**What is required:** Exact reproduction is required for the lines below starting at the line with "La combinaison parfaite" and ending at the line with "A cat soars", both included. No other lines, and no pictures.

**The data:**

==========

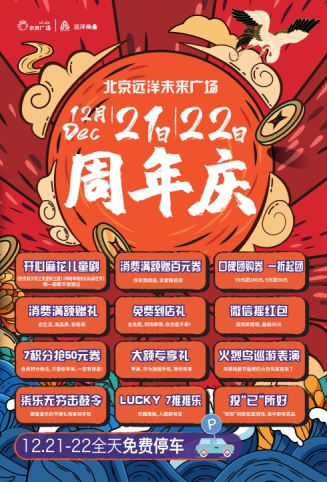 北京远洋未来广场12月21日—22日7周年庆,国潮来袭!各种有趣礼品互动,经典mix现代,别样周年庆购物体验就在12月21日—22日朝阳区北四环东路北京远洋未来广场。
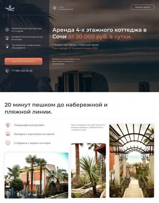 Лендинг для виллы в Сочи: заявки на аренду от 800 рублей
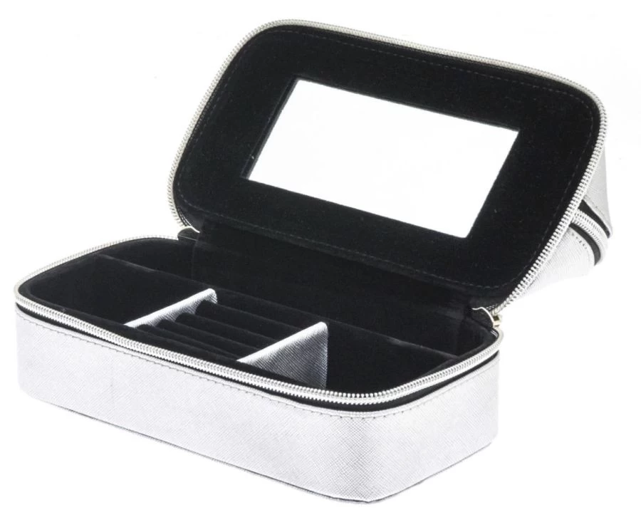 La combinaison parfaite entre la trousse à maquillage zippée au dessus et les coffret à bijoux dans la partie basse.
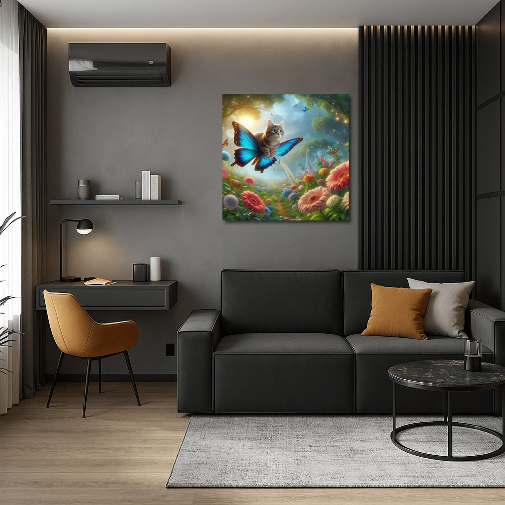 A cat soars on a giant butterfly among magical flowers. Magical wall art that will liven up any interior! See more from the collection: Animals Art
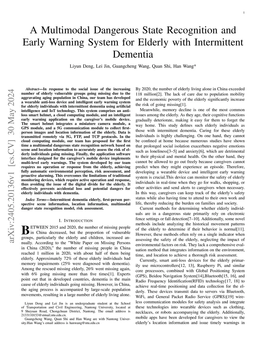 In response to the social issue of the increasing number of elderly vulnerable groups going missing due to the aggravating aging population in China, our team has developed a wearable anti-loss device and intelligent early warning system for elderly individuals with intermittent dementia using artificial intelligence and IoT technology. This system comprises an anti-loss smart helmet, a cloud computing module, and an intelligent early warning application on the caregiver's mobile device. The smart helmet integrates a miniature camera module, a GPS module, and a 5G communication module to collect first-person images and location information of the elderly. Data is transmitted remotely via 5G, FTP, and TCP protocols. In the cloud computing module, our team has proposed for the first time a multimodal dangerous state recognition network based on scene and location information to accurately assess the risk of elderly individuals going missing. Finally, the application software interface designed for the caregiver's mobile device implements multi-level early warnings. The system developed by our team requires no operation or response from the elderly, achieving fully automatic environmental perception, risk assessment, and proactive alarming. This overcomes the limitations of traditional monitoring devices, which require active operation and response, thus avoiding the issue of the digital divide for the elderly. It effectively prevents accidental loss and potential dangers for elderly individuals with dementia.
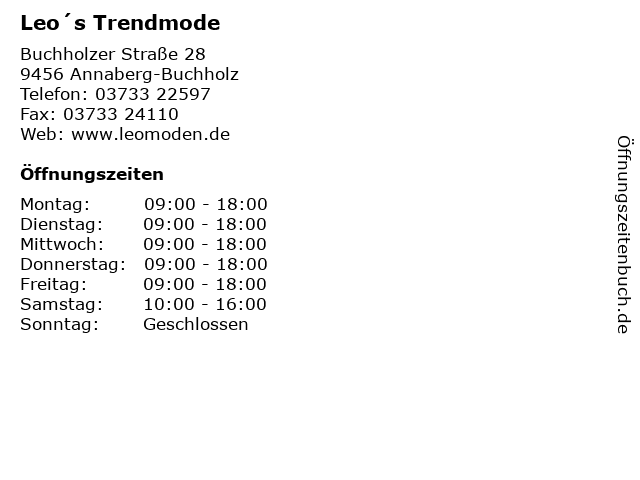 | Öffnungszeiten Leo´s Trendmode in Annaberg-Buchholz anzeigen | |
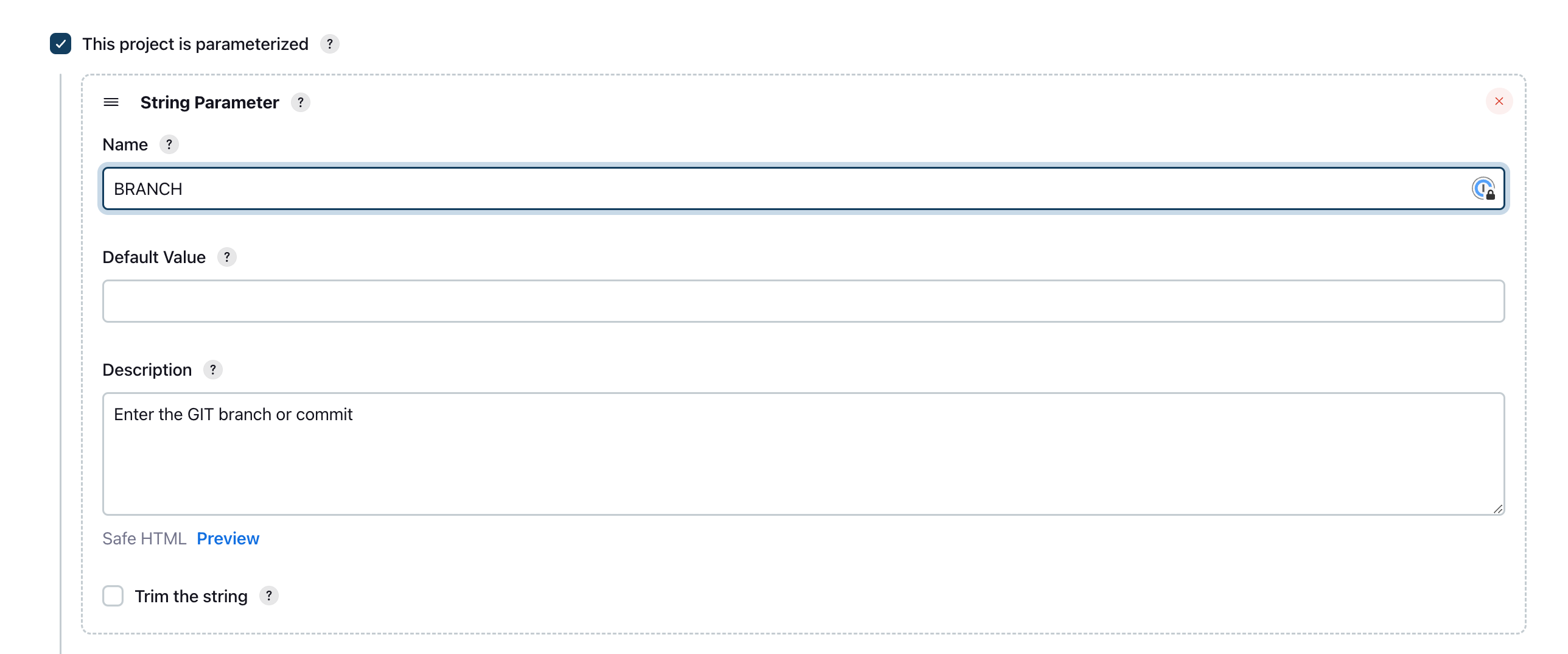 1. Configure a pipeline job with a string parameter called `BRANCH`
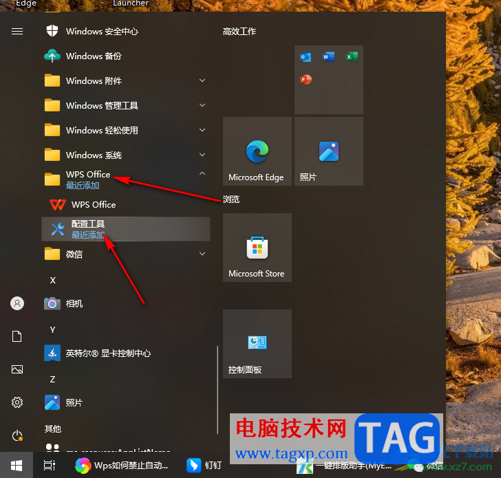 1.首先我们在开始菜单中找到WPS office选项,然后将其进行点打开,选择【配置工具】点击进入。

==========

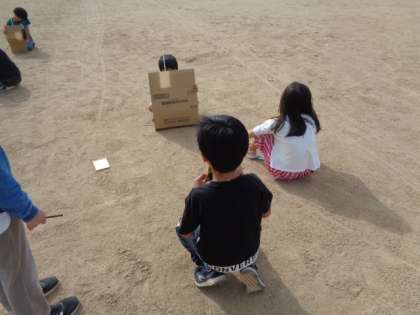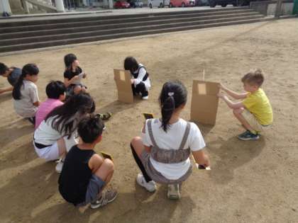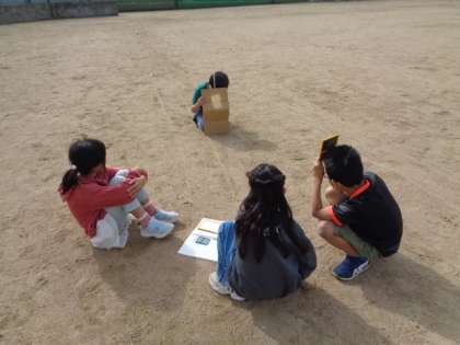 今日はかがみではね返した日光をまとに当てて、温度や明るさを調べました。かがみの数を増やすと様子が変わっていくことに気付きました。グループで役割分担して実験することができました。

==========

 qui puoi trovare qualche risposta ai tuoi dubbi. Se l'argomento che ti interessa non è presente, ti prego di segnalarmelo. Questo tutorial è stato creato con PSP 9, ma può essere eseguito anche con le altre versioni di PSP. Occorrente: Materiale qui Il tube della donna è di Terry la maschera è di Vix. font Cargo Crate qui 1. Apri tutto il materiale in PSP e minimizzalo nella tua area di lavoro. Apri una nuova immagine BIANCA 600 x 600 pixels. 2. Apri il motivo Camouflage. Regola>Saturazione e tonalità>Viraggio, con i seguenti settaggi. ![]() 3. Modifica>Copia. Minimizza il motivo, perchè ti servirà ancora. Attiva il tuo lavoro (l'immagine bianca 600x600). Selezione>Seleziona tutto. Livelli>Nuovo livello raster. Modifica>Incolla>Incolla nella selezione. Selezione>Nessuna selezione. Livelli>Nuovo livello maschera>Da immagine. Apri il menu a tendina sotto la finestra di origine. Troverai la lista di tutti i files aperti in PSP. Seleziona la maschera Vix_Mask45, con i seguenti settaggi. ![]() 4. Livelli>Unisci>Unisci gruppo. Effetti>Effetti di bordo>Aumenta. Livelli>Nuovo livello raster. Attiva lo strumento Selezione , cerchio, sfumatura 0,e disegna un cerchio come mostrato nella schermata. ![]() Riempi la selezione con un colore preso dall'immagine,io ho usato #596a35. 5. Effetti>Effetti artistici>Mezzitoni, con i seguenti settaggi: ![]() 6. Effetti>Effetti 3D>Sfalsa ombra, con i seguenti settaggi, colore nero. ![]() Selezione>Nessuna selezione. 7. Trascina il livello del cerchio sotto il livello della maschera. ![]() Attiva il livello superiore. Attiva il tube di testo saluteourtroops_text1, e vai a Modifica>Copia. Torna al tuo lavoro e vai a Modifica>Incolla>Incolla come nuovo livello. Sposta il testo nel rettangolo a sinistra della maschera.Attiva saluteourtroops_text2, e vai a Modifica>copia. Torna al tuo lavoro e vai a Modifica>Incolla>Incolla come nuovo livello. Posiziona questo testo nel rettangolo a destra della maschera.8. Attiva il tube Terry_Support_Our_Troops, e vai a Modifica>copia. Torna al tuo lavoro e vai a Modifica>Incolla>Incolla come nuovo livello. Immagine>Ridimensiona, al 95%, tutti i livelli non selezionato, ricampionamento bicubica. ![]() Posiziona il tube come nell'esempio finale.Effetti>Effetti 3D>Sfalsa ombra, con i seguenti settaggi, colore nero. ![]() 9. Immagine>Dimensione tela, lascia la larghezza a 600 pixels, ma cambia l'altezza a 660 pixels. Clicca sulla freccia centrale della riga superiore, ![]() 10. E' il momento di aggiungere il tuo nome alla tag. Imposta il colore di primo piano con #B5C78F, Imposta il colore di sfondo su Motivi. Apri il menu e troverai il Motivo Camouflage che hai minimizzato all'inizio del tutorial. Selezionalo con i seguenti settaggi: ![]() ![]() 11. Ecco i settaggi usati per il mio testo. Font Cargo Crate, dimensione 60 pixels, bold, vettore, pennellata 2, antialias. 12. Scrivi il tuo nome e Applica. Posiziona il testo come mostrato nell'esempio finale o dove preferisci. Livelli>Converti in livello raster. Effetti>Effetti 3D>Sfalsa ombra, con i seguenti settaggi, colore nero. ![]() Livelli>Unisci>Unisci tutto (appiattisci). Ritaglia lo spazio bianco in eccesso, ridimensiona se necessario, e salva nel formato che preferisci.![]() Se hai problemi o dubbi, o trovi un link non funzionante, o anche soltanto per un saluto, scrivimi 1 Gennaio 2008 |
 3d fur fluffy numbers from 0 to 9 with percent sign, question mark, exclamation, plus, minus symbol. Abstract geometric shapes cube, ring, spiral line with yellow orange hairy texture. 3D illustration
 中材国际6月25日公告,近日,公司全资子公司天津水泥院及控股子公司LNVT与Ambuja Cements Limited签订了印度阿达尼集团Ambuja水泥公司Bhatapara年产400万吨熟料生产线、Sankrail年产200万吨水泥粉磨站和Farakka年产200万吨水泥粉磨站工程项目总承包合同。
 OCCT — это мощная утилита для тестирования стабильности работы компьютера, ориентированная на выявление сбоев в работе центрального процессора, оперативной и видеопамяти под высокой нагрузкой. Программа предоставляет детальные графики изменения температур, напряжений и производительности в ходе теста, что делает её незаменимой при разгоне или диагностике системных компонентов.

==========

**Solved exercise:**
 La combinaison parfaite entre la trousse à maquillage zippée au dessus et les coffret à bijoux dans la partie basse.
 A cat soars on a giant butterfly among magical flowers. Magical wall art that will liven up any interior! See more from the collection: Animals Art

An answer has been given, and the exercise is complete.